他出道多年,治癒名人無數,從未被人罵過是庸醫,而且還是被一個晚輩給教訓了,這讓他的臉面該往哪裏擱?
“咳咳,諸位,請安靜一下。”
眼看這事態是要打起來了,古烈咳了兩聲,出來打了個圓場,微微笑道:“張小友診脈本事高強是不假,但是得開出有用的方子纔行,想必在座的各位,應該有把握吧?”
聽聞此言,李世清覺得很有道理。
診脈本事高強,不代表醫術高強。
他還有找回場子的機會。
“諸位,請隨我進來吧。”
古烈伸出了一隻手,邀請各位進入裏間。
這下輪到衆人鬱悶了。
不是說古族長傷勢日愈嚴重,見不得風嗎?
怎麼現在就可以進去了呢?
殊不知,這是古烈故意說的,爲的就是考驗在場中醫的診脈本事。
倘若連診脈都診不出來,還有什麼本事可以治癒族長?
接着,衆人隨着古烈進入了裏間。
裏間環境很昏暗,最裏面有一張牀,牀上躺着一個白髮蒼蒼,奄奄一息的老人。
老人不停地咳嗽,嘴裏也不停地溢血,傷勢看起來頗爲嚴重。
這就是古家族長古坤?
怎麼變成了這個樣子?
這恐怕真是時日無多了吧?
衆人心頭一凜,都感到這件事恐怕有些棘手啊,想要把這麼一位半隻腳踏入棺材的老人治好,那真得需要出神入化的醫術。
張逸眯起了眼睛,他一眼看得出來,古坤雖已奄奄一息,但給他的感覺,就像是深邃不見底。
其修爲,甚至不比神猴將軍差多少。
不愧是古家的族長!古坤餘光一掃,頓在了張逸身上,趕緊問道:“你…你就是張逸嗎?”
“我是。”
張逸點點頭。
李世清表情很是意外,深深看了張逸兩眼,他沒想到古坤居然認識張逸?
“快,快扶我起來。”
古坤神色激動。
他曾經求助過那位能人。
但,那位能人只給了他一句話。
這世上,能治癒他的人,只有一個人,且就是叫張逸。
他終於來了嗎?
古烈趕緊扶起了古坤。
古坤強烈要求下牀,然後撲通一聲跪在了地上,祈求道:“張小友,老夫終於等到你了。
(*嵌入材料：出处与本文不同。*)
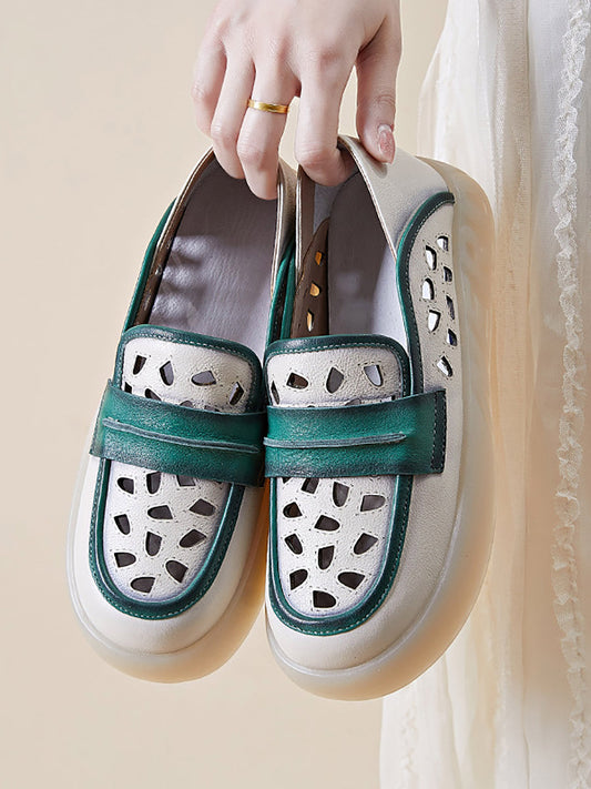 Chaussures plates souples découpées en cuir vintage d'été pour femmes ZZ1002

”
“大哥,你……”古烈吃了一驚,他沒料到大哥突然會跪下來,還放下了往日的威嚴求張逸診治。
突如其來的一幕,衆人都震驚了。
這個姓張的傢伙,究竟是何等的來歷?
張逸眉毛挑了挑,上前扶起了古坤,道:“前輩,您不用如此,我會出手治癒好你的舊傷的。”
“真…真的?”
古坤更激動了,已經老淚縱橫。
當年,他曾與神猴將軍一戰,不幸敗下陣來了,且受到了神猴將軍那根金棍的重創,身體裏的五臟六腑受損,無人能治。
久而久之,舊傷愈加嚴重。
這些年來,他一直依靠着自身強大的修爲撐着。
時至今日,已經到了極限。
若是再治癒不好,不出半個月,必然會隕落……“前輩,你且躺下。”
張逸扶着古坤躺在了牀上,表情變得異常的嚴肅,還不忘瞥了一眼在場的諸位中醫,道:“你們不是瞧不起我嗎?
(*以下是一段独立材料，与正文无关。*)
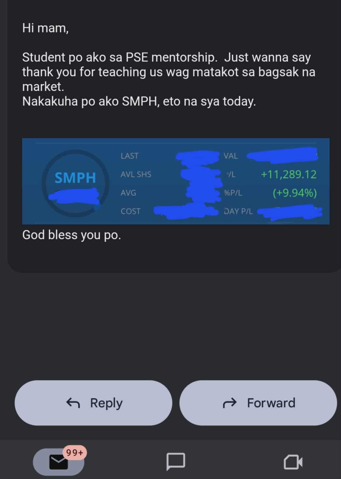 If you are interested to learn how to trade PSE stocks ay may 15-day mentorship kami na inooffer. May free Dividend Investing, Scalping startegy, BABY 2.0 Strategy, Fibonacci at Ichimoku siyang kasama.

你們且看好了,不要放過任何的細節,這將會對你們受益匪淺!”
說着,他從手腕上取出了幾根銀針,開始進行了鍼灸。
他出針的速度不僅快,且把握得恰到好處,看得衆人那叫一個目瞪口呆。
“好厲害,這等鍼灸手法,少說也有幾十年的基礎……”李世清瞪大了眼睛,很是喫驚。
這個年輕人,年齡不超過三十歲,便已經擁有如此造詣的鍼灸手法,是很多老中醫都遠之不及的,甚至連他都要豎起大拇指。
可接下來的一幕,更是讓衆人大喫一驚。
“這是…太虛神針?”
衆人瞳孔劇烈一縮,頓時響起了一片倒吸冷氣的聲音。
天啊!這傢伙居然掌握傳說中的太虛神針?
這一刻,李世清才感覺到,自己看走眼了,自己就是一個井底蛙啊。
接着,他屏息凝神,開始仔細的觀摩,希望能從中受益……太虛神針一旦施展開來,這個世上幾乎沒有治不好的病,再嚴重的傷勢,也都能讓病者活蹦亂跳。
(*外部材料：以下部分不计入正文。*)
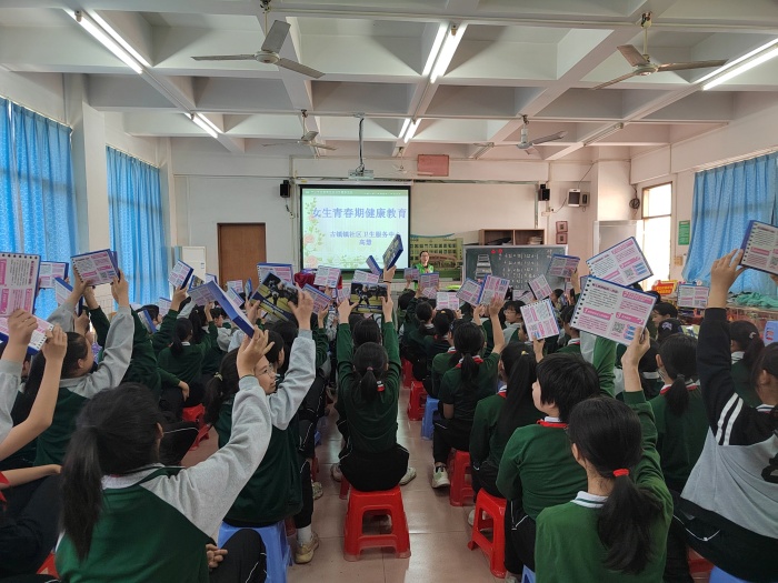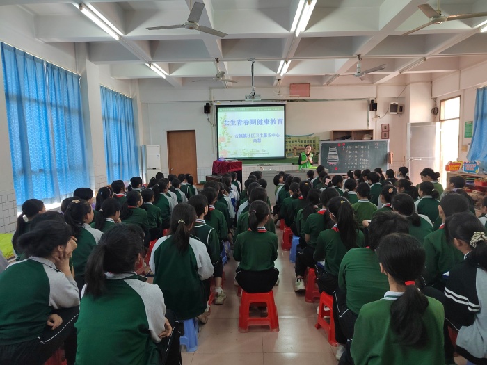 在講課過程中,古鎮(zhèn)鎮(zhèn)社區(qū)衛(wèi)生服務(wù)中心高慧醫(yī)生結(jié)合直觀而豐富的圖文課件,向參會(huì)女生們細(xì)致、形象的介紹了進(jìn)入青春期后女生身體發(fā)育和心理發(fā)展特點(diǎn),以及所要面臨的問題,并且引導(dǎo)女生們?cè)撊绾螌?duì)待、如何處理的方法和方式,從心理和生理兩方面幫助女生正確面對(duì)進(jìn)入青春期后生理和心理的變化。

一時間,房裏的氣氛很是凝重,且安靜得有些詭異,簡直就是落針可聞,全都屏住了呼吸,不敢發聲打擾到張逸。
時間飛逝。
眨眼間十幾分鍾過去了……在衆人那喫驚的目光中,原本臉色憔悴的古坤,頓時變得紅潤了不少,可以說是煥然一新,哪裏還是之前那個奄奄一息的老人。
很快,張逸拔出了銀針,最後一掌拍在了古坤的背上。
噗!古坤嘴裏噴出了一口淤血。
“感覺如何?”
張逸把銀針收起,繼而詢問道。
“好,好多了,呼吸都順暢了不少。”
古坤大口呼着氣,感覺整個人都精神了不少。
“拿筆墨紙硯。”
張逸看向古烈。
古烈愣了一下,趕緊讓人準備。
不多時,筆墨紙硯送上。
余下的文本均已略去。